Part of doing this is the phenomenon of “turning a job into a career”, and it can either take the form of education as you work or employers paying for more formal education specifically for their employees. Nevertheless, the whole scene can be pretty complex and daunting, and you might be wondering, if you are already working in healthcare, how you can get started in further education. Here are two of the most common options:
Get A Degree Remotely
This option has little to do with the job you will be doing as you get that degree, except that working while you study will allow you not only to accrue genuine experience that is relevant to your studies, but it will also provide you with a source of income to pay for those studies. In that sense, the job is very much relevant to the education which is going on simultaneously.
In order to take this route, you will need to find an educational program that does not involve physically attending class. You will also need to be honest with yourself and be sure you are up to the double strain of working and studying. Pull it off, however, and it will not only make you more qualified, but you will also have extra experience. Furthermore, the fact you studied and worked at the same time will look mightily impressive on your resume.

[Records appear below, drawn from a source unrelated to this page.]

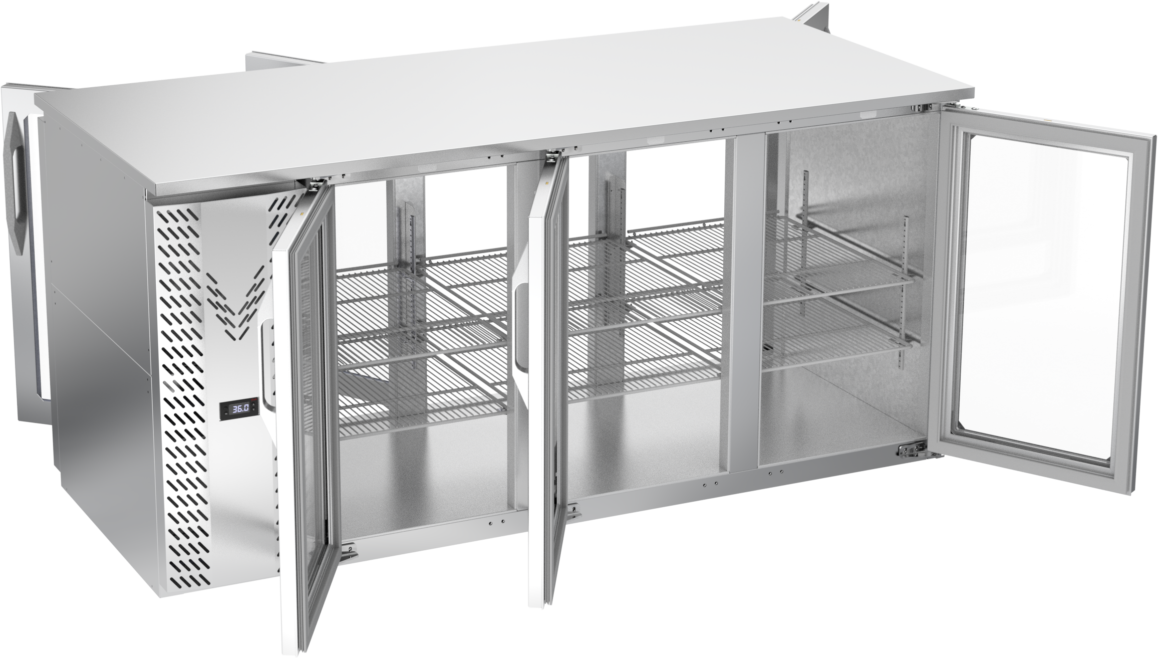 VBB72HC-G-PT-S | 72" Glass Doors Pass-thru Back Bar in Stainless Steel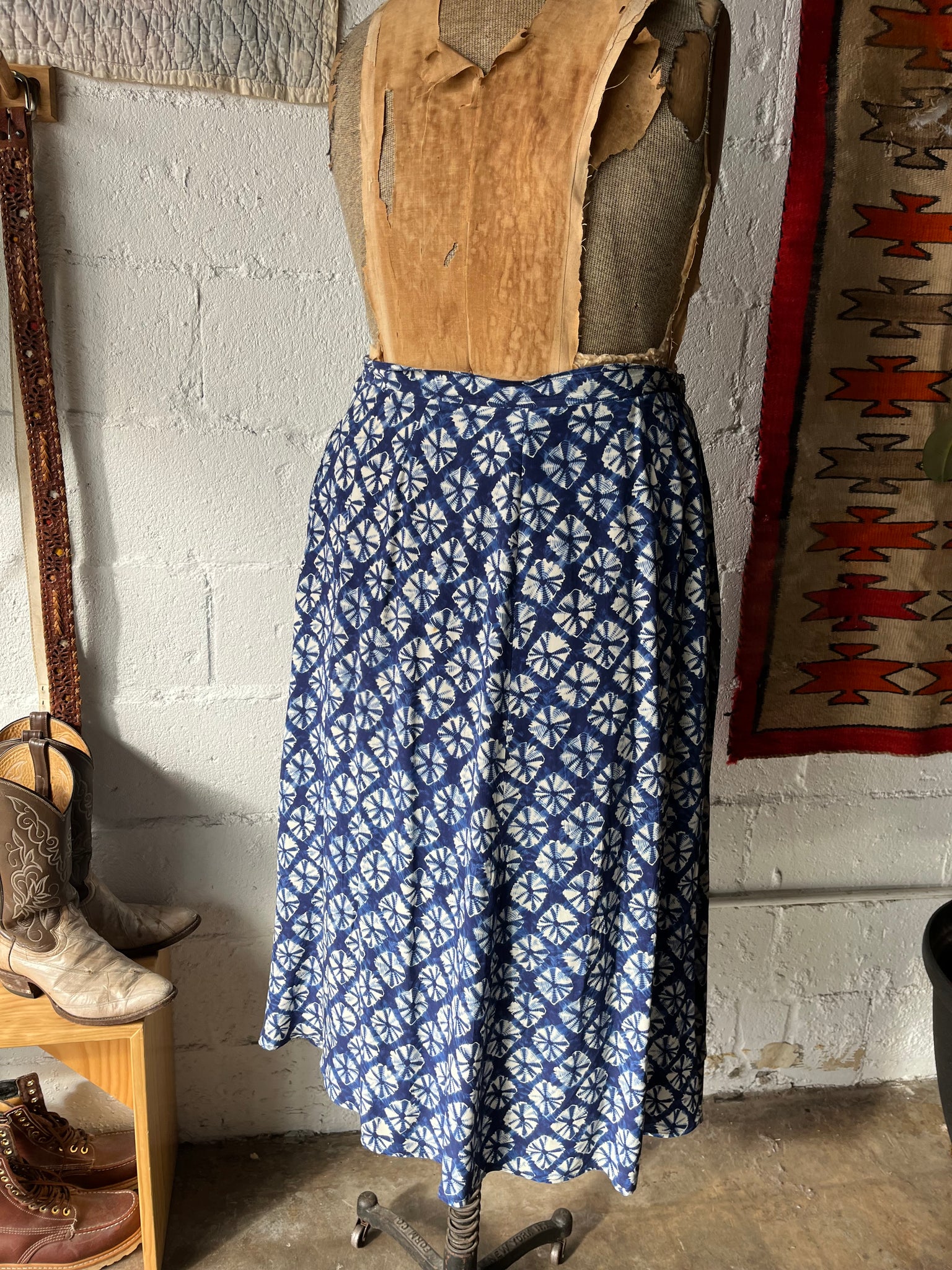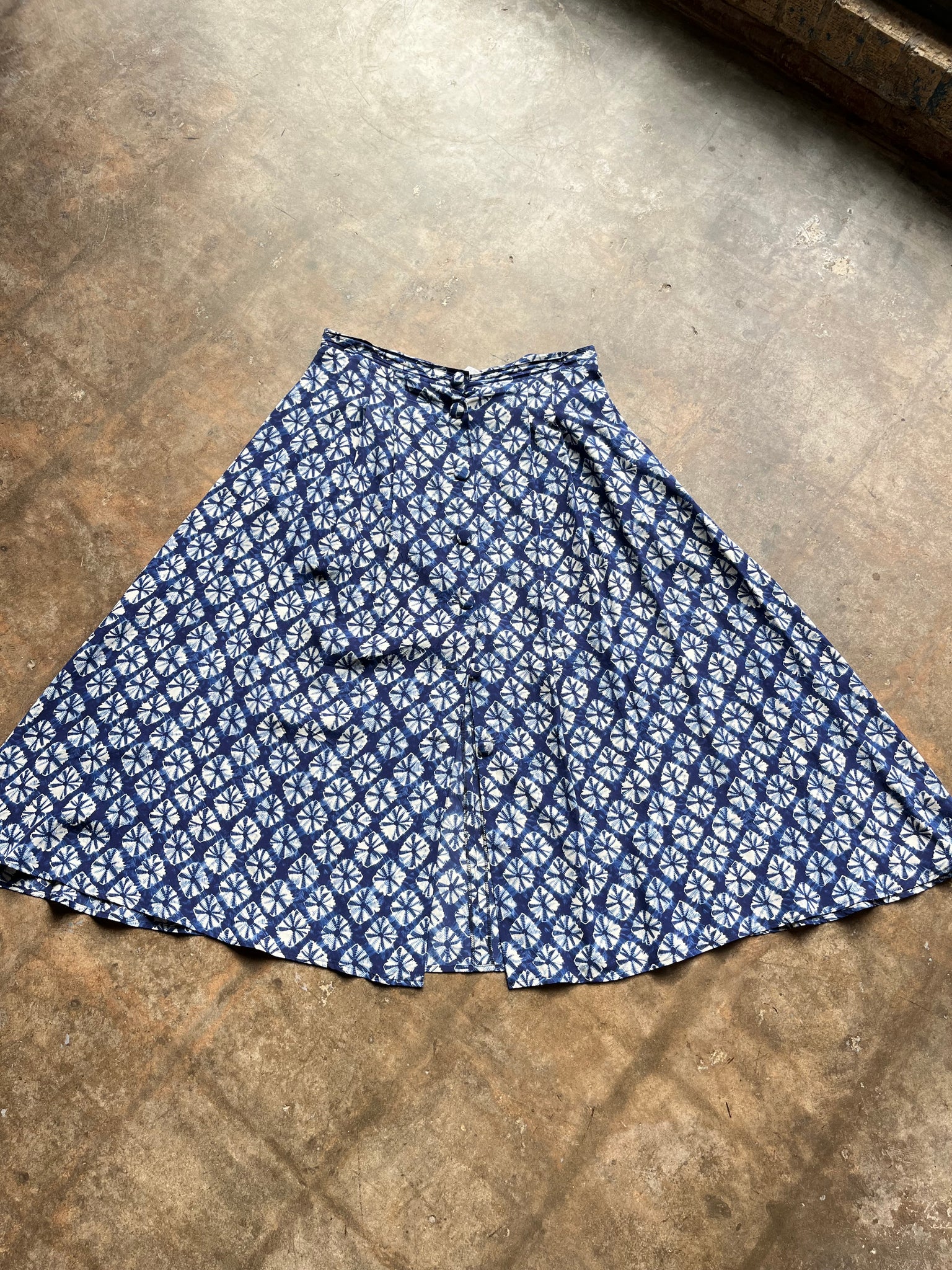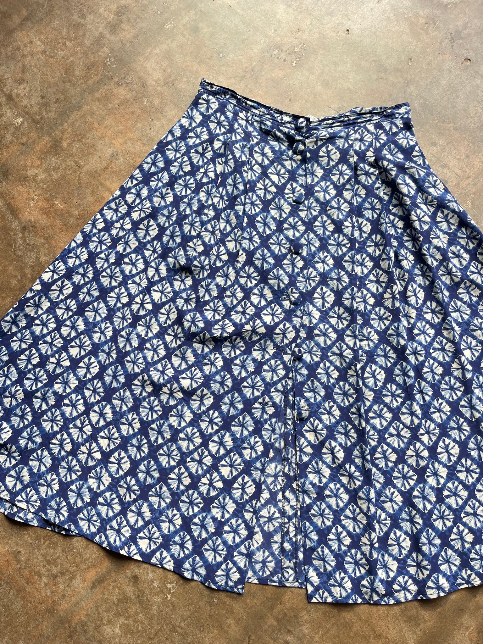 80s Kariza Shibari Dyed Silk Button Down Skirt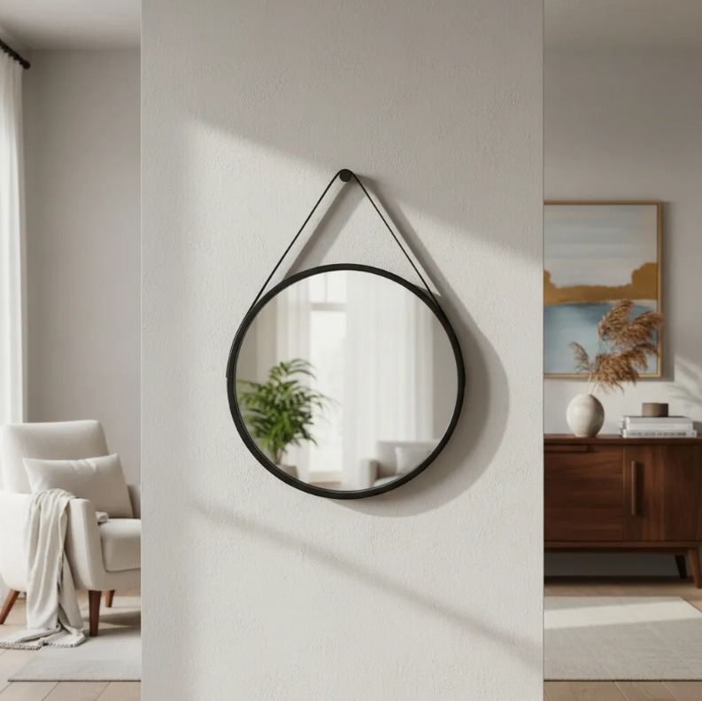 ESPEJO REDONDO COLORES NEGRO, DORADO Y BLANCO CORREA ECOCUERO. 52X52X5 CM 🔥🔥$26.990🔥🔥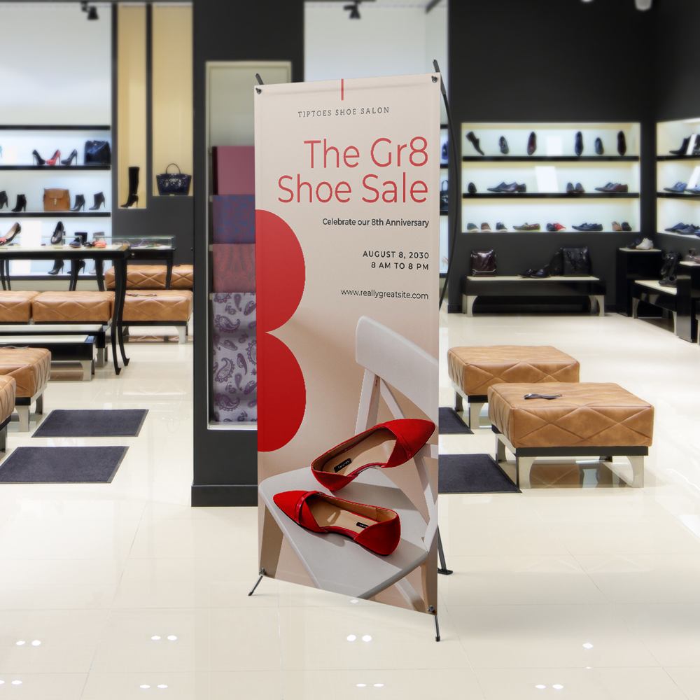 Un Kakemono X Banner est un affichage sur PVC avec un cadre. Le résultat est un magnifique visuel accompagné d’un beau cadre qui le maintiendra solidement à sa place.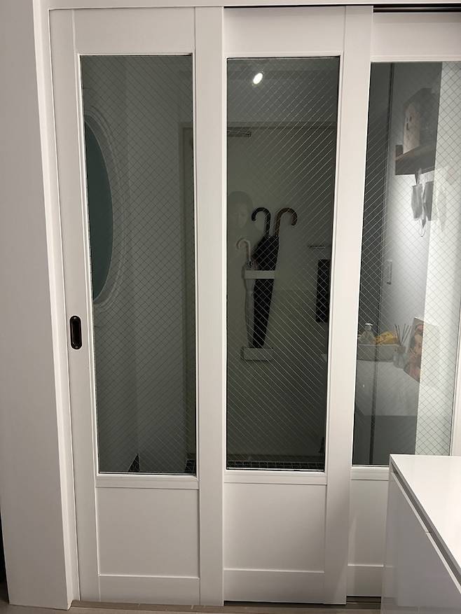 기존 집주인 분께서 중문을 최근에 교체하셔서 그런지 깔끔한 3단 중문이어서, 화이트 톤으로 도색만 진행하였습니다. 한기도 막아주고 깔끔한 게 정말 예뻐요 :)

Take Part in the On-the-Job Training Schemes
This is where you learn skills relevant to the job and which you did not have on day one, within the institution where you are working. Taking part in such schemes will also impress your employers and possibly make you eligible for promotions. When you leave the job, the fact you trained there will make that reference letter all the more impressive.
Healthcare education cannot afford to stop as the whole expertise thing is changing too rapidly. This is truly learning something by doing it.